Una tarde tranquila, mi pareja y yo estábamos sentados en una terraza. En un momento dado, me levanté para ir al baño. En el suelo, encontré un billete de cincuenta euros.
Lo recogí y volví a la mesa, sin saber muy bien qué hacer.
—He encontrado esto en el suelo —le dije, mostrándole el billete—. Quizá debería entregárselo a la camarera, por si alguien viene a buscarlo. Pero también puede ocurrir que se quede ella con el dinero… Y, si va a ser así, quizá sea mejor que me lo quede yo.
Mi pareja me escuchó y respondió con serenidad:
—Haz lo que sientas que debes hacer. Lo demás ya no puedes controlarlo. La camarera hará lo que considere oportuno, pero lo importante es que tú hagas lo que te dicte la conciencia.
Me quedé pensando en sus palabras. Después llamé a la camarera, le expliqué dónde había encontrado el billete y se lo entregué. Unos diez minutos más tarde, se acercó a nuestra mesa.
—Acaba de llamar una señora —nos contó—. Estuvo aquí hace poco y quería saber si alguien había encontrado un billete de cincuenta euros.
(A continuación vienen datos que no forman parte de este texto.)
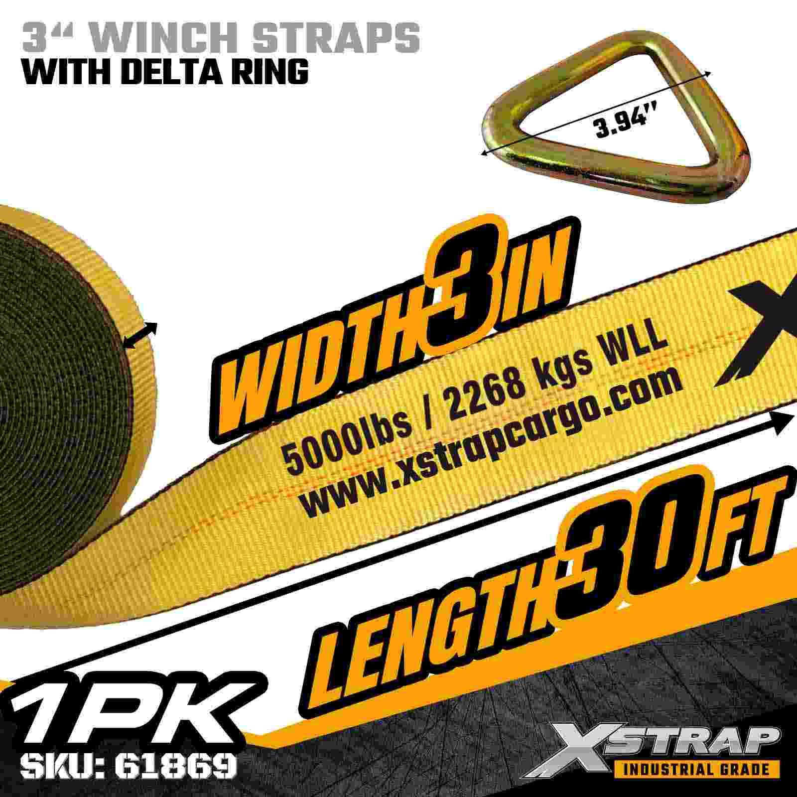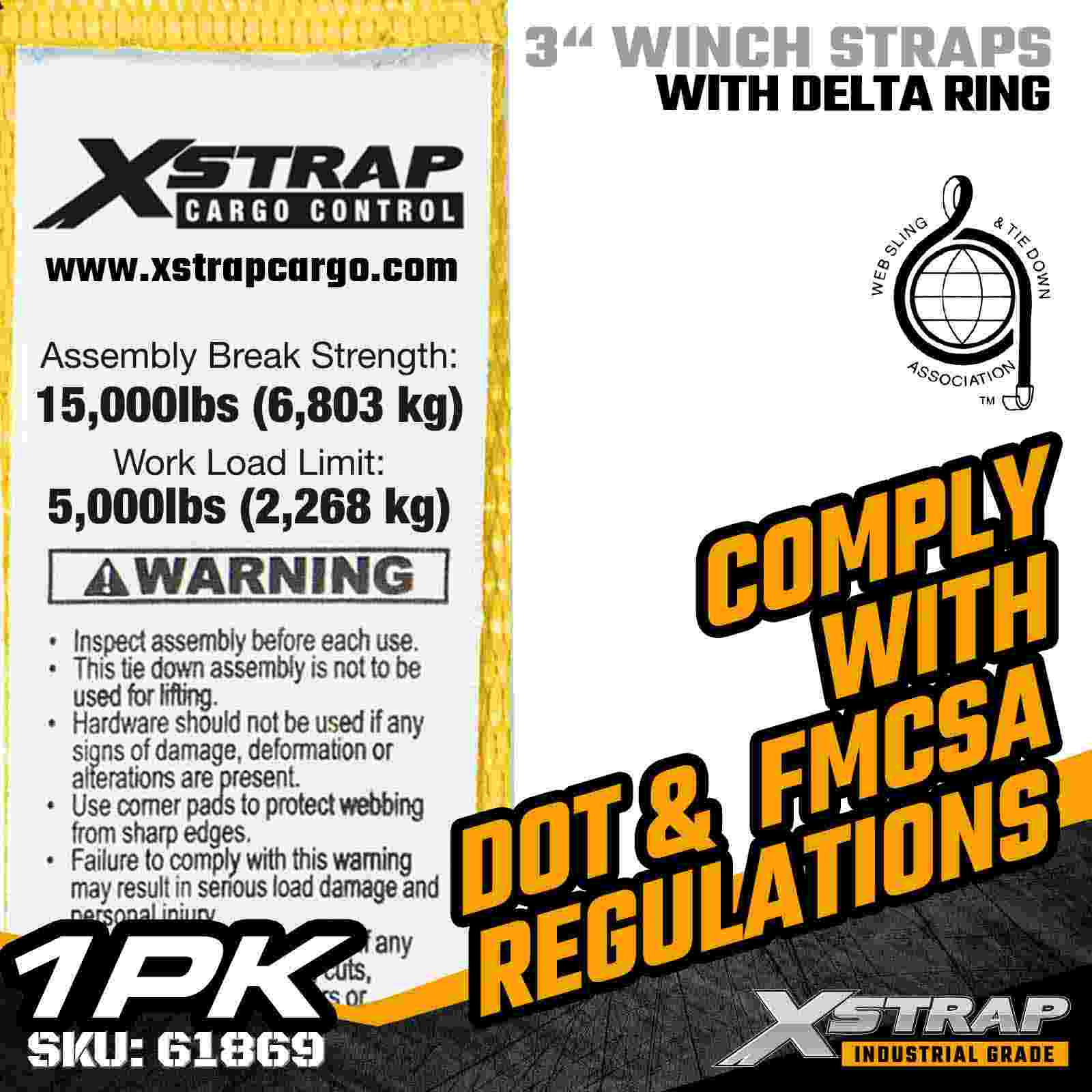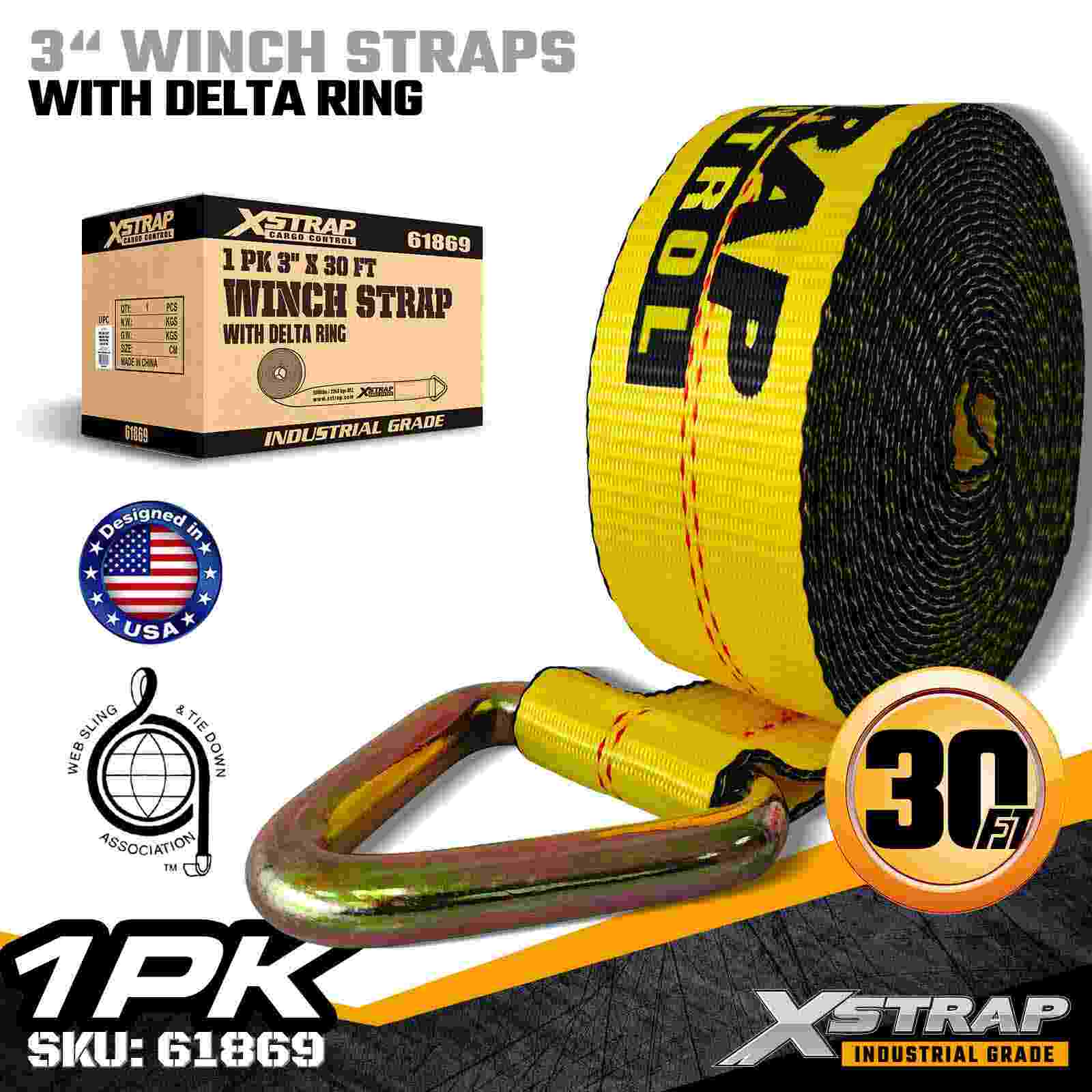 สายรัดกว้านมาตรฐาน Xstrap 61869 ขนาด 3 นิ้ว × 30 ฟุตเป็นสายรัดยึดสินค้าสำหรับงานหนักที่ออกแบบมาสำหรับรถพ่วงพื้นเรียบและการขนส่งที่มีความจุสูง สายรัดเดลต้าริงเสริมแรงและสายรัดโพลีเอสเตอร์กว้าง 3 นิ้วเป็นพิเศษ สายรัดกว้านขนาด 3 นิ้วนี้ให้ขีดจำกัดการรับน้ำหนักการทำงาน 5,000 ปอนด์ และความต้านทานการแตกหัก 15,000 ปอนด์ เหมาะอย่างยิ่งสำหรับการยึดสิ่งของขนาดใหญ่ เช่น ไม้แปรรูป การขนส่งเหล็ก เครื่องจักร และอุตสาหกรรมระหว่างการดำเนินการลากจูงที่มีความต้องการสูง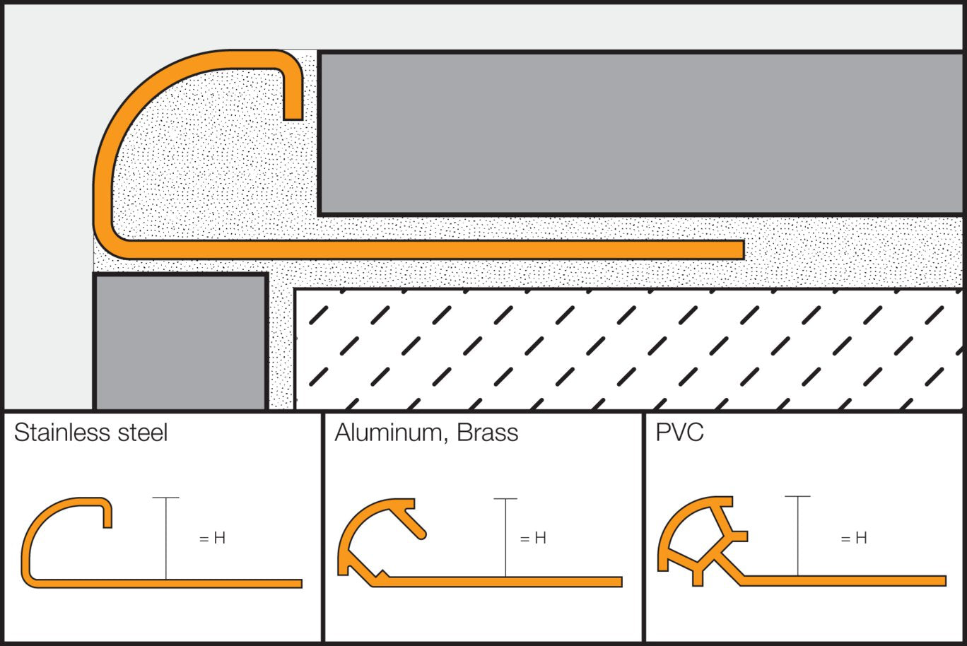 Q: What tile thickness does it work with? A: This item is sized to coordinate with 3/8-in (10 mm) tile thickness RONDEC profiles; verify your profile height matches your tile.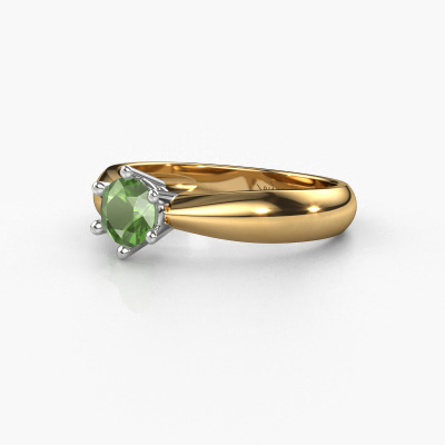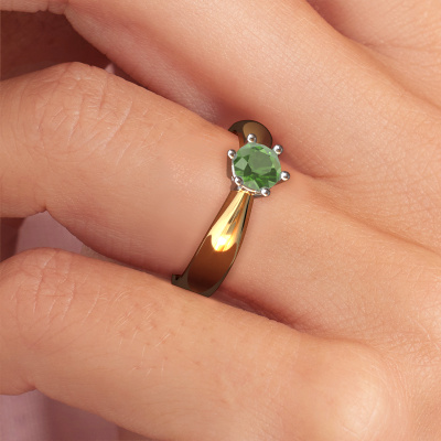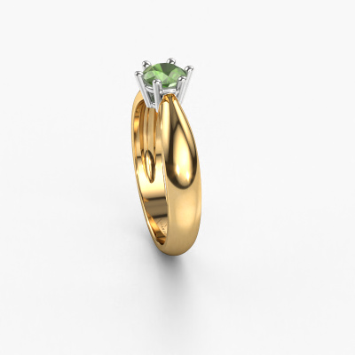 The ring shown above is called the Fay, we call this a solitaire ring because it contains a single gemstone. The engagement ring is made in 14 Carat gold and has a round tourmaline green of 5 mm. This traditional gold solitaire ring with exquisite round tourmaline green is a beautiful engagement ring. The open prong setting allows light to strike the gemstone from various angles. The ring also stands out because of the high positioning of the gemstone. Because diamonds symbolize true love and purity, they make the perfect gift for the love of your life. The symbol of eternal love is the centerpiece of this solitaire ring. Like a diamond, all other types of precious metal have their own attributed symbolic meaning. You can compile the solitaire engagement ring yourself in various precious metal combinations. This one has the combination of 14 Carat gold with white gold. Each piece of jewelry is made just for you by our master goldsmiths in our own studio.By using a combination of the latest modern techniques, combined with ancient crafting, we can make all our engagement rings in our own studio. Each jewel is made to order. This is advantageous because we can offer you a price you won't find anywhere else.Have you found a specific engagement ring somewhere which you would like to give to your loved one? Please feel free to express your wishes to our jewel designers because we would be honored to turn your design into a traditional engagement ring. You can follow the development of your ring design because we use 3D drawings. This gives you a realistic preview of how your design will look. You can also preorder a dummy. A dummy is a plastic ring, which can be shaped according your ring design. You can try it on and check if its width and size are suitable for you. We will gladly send you a non-binding offer, based on a fair price/ quality ratio. It will amaze you, considering the quality of the ring and gemstones.To make it easier for you, we offer a 30 day return policy. Check our terms and conditions.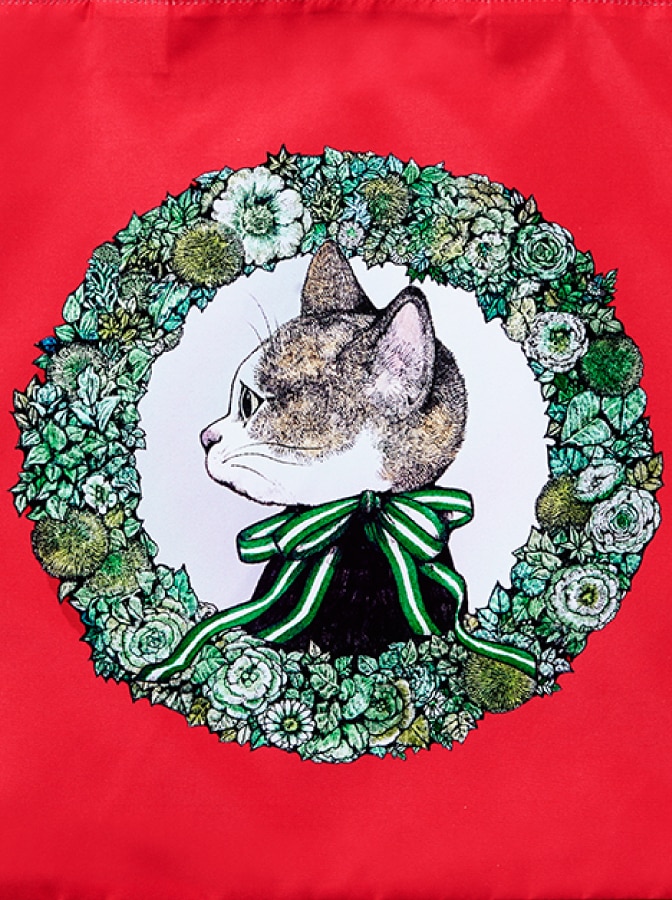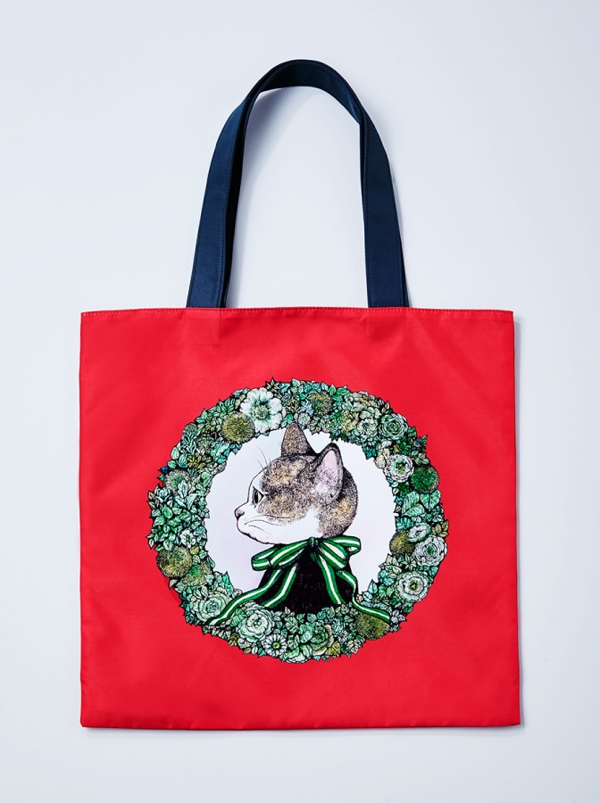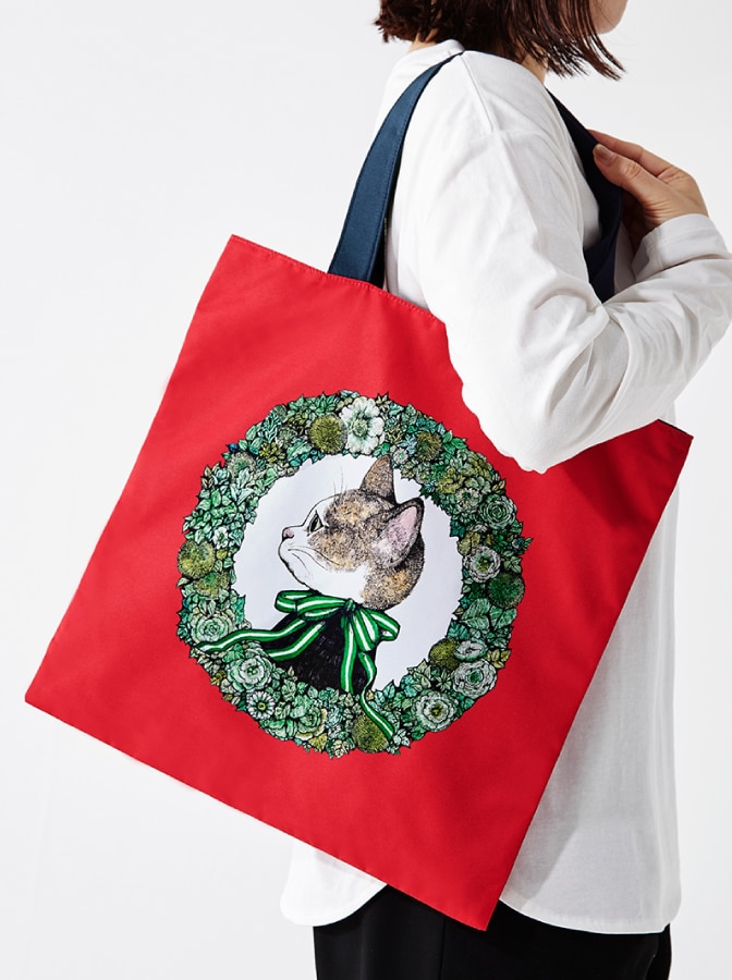 A4サイズもすっぽり収まるサイズで、内ポケットが付いており、持ち手を肩にかけることもできます。ポリエステル生地にプリントすることで、原画の繊細な色使いを再現。深みのある赤がクリスマス気分を上品に演出します。

Podremos devolvérselo.
En aquel momento comprendí que el billete no era lo más valioso que había encontrado aquella tarde. Mucho más importante había sido comprender que no siempre podemos controlar lo que los demás hacen con nuestros gestos. Solo podemos elegir qué hacer con aquello que llega a nuestras manos e intentar salir de cada decisión con la conciencia tranquila.